Published 15/10/2025, 20:42
Updated 15/10/2025, 20:58

“Gold is the New Bitcoin” was the title of Ed Yardeni’s Wednesday briefing. Specifically, Yardeni said that “Risk-off investors may be concluding that gold offers greater protection from geopolitical risks than bitcoin, which is more like a risk-on speculative vehicle and has been weak recently.” Furthermore, Yardeni said, “We now think the gold price could reach $5,000 an ounce by year-end 2026 and possibly $10,000 by the decade’s end if not before.”

The gold stocks I recommend are: AEM, AGI, CDE, CMCL, EGO, IDR, KGC, NGD, OR and SSRM. What I like especially about these gold stocks, other than strong forecasted sales and earnings, is that they are “co-variance” stocks that typically “zig” when the stock market “zags.” As a result, I may continue to find even more gold stocks to recommend.

Fed Chairman Jerome Powell, on Tuesday, in a speech at the National Association for Business Economics, acknowledged recent weakness in labor markets, which effectively signaled an impending key interest rate cut. During a question-and-answer segment, Powell said, “You’re at a place where further declines in job openings might very well show up in unemployment,” and added, “You’ve had this amazing time where you came straight down, but I just think you’re going to reach a point where unemployment starts to go up.”

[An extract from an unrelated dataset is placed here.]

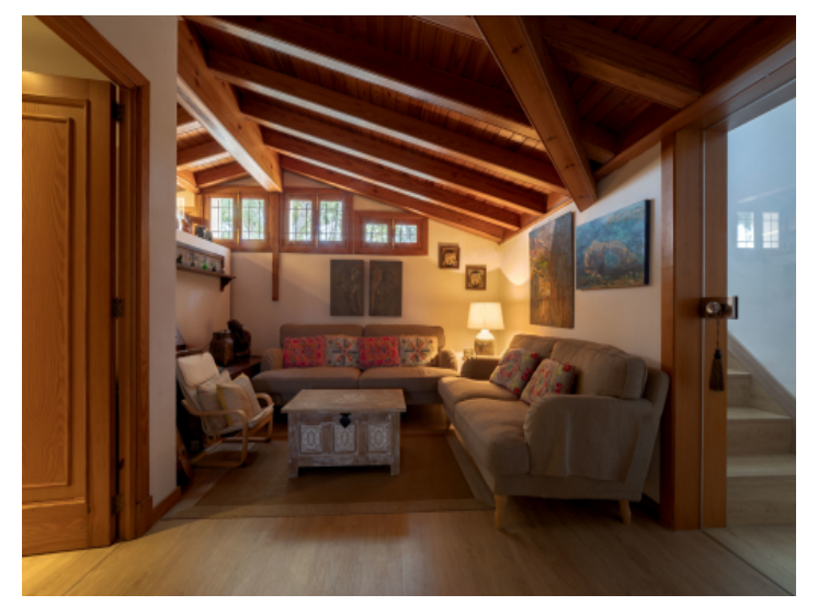
Separate living area

The Fed Chairman also commented about the lack of economic data and called government economic data the “gold standard,” but admitted the Fed is also looking at private economic data. The good news is that an October FOMC meeting rate cut is 100% certain.

China’s National Bureau of Statistics announced that consumer prices declined 0.3% in September, after falling 0.4% in August. The core CPI, excluding food and energy, rose 1% in the past 12 months, so this is the first sign that deflation may be ebbing. Food prices declined 4.4% in the past 12 months, while energy prices declined 2.7%. In the past 12 months, the producer price index (PPI) has declined 2.3%, so deflation has persisted on the wholesale level since May 2022. The deflation in China is due to overproduction of some products as well as an intensifying demographic decline from its “one baby” rule enacted decades ago.

Eurostat announced on Wednesday that industrial production in the eurozone declined 1.2% in August, led by a massive 5.2% drop in industrial production in Germany. Industrial output also declined in France and Italy. The bottom line is that due to economic weakness in China as well as new tariffs in the U.S., the entire eurozone is expected to slip into a recession. Germany is already in its third year of a recession, due to soaring energy prices that caused many manufacturers to outsource to the Czech Republic, Hungary, Poland, and Slovakia.

German Chancellor Friedrich Mertz is now lobbying the European Union (EU) to restrict its net-zero emission mandate and to allow more hybrid vehicles to be built. The heads of BMW and Mercedes have been very outspoken that the EU needs to relax its stringent emission goals.

I must add that I am not against hybrids and actually own two hybrid sports cars, but as car companies make more hybrid vehicles, they tend to be very heavy, and it is not necessarily an ideal solution. As an example, a BMW M5 sedan now weighs 5,390 pounds. By comparison, a Cadillac CT5-Blackwing, which is an M5 competitor, weighs 4,301 pounds and is a more nimble, better handling car, so I bought this Cadillac versus the BMW M5.